Petty Officer 2nd Class
Joined
Jul 16, 2010
Messages
111
I had success using a plywood guide. Apply thin layer of gasket sealer and assemble, then use plywood block with clamps to compress it all together tightly and let it set overnight. Remove block/clamps and hold valves in place with wire ties, put sealer on mating surface, get it started on the block, then snip off the ties and tighten it up.
 

seven_magnum

Petty Officer 2nd Class
Joined
Oct 4, 2011
Messages
127
I wanted to update this post, last Friday I was off work so I had at it.

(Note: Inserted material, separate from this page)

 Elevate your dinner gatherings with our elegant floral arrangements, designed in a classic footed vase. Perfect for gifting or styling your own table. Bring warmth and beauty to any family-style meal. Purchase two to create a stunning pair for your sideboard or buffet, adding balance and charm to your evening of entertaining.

I coated the gaskets with sealant, pieced it together and lightly zip tied the poppets in place. The last gasket did not want to stay on, so I left it sort of float until I got the bolts started. The first one I struggled with for 15 minutes to get it in place and the bolts started. I used an offset wrench I'll post a picture of later to hold it in place and starr the bolts. The second one I was ready for, I had all 3 bolts started in about a minute. It really went too easy!

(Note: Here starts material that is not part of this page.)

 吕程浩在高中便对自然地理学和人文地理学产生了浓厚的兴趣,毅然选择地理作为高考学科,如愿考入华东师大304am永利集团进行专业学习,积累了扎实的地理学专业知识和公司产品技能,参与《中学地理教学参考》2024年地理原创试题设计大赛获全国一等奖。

on the hose all was well, so I took it to Walenpaupak for a swim. It ran like a champ! I have a leak in the bilge to deal with, I think from the wash down pump but plan to be back out again Tuesday!

Also, I ran the boat just over an hour and used about 15 gallons, running about 30. I did have some idle time in the no wake zone but I thought it wasnt bad all things considered.

Thank you all for the help!
 

seven_magnum

Petty Officer 2nd Class
Joined
Oct 4, 2011
Messages
127
Last year was a success with the boat but I have a couple little things to work on. One thing I'm looking to change is the props. It's currently wearing aluminum 3 blade 12 and 3/4 by 21. Wide open throttle I'm about 5400 RPMs and 35 miles an hour. The biggest problem I'm having is a 25 mile an hour speed limit for a lot of the year. It is a struggle to keep it on plane at speed. I am moving a lot of weight forward, but I think 4 blade props would also be a big help. I really dont need speed, just the ability to plane at slow speeds and as much efficiency as possible.

I am not opposed to going with stainless props, they dont seem as expensive as I had thought. Any reason to shy away from a stainless 4 blade? And if I go that route, should I drop to say a 19 pitch?

Boat is in fresh water lakes 99% of the time with maybe one or two trips to salt water.

Thanks!
 

sludgeguy68

Petty Officer 2nd Class
Joined
Jul 16, 2010
Messages
111
Yeah your RPMs seem to be in the right zone, so pitch change might not be a great move. I would look into trim tabs to tuck your bow in... I picked up smart tabs for my rig and am now able to plane out at much lower speed - a world of difference for $100 bucks. I'm no expert, but food for thought.
 

roger3645

Petty Officer 1st Class
Joined
Aug 30, 2005
Messages
271
Yes, the smart tabs are well worth the money and do allow you to plane at lower speeds.
 

ct1762@gmail.com

Senior Chief Petty Officer
Joined
Jan 17, 2019
Messages
764
Just bear in mind a 4 blade stainless 19'' will be the equivalent of a 21'' aluminum (roughly) for RPM due to the increased drag of an extra blade. You can always put those butt-ugly planing fins on the cavitation plate.
Also, if you are really only getting 35 mph out of a 21'' prop @ 5400 you have some MAJOR slip going on! I'd check your tach with an accurate shop one, and then inspect the prop hub. could be slipping there as well. I had a 15' whaler with a 90 v4, and with the same prop 21'' aluminum and 5400 rpm, i was going about 54mph on GPS. Something is wrong.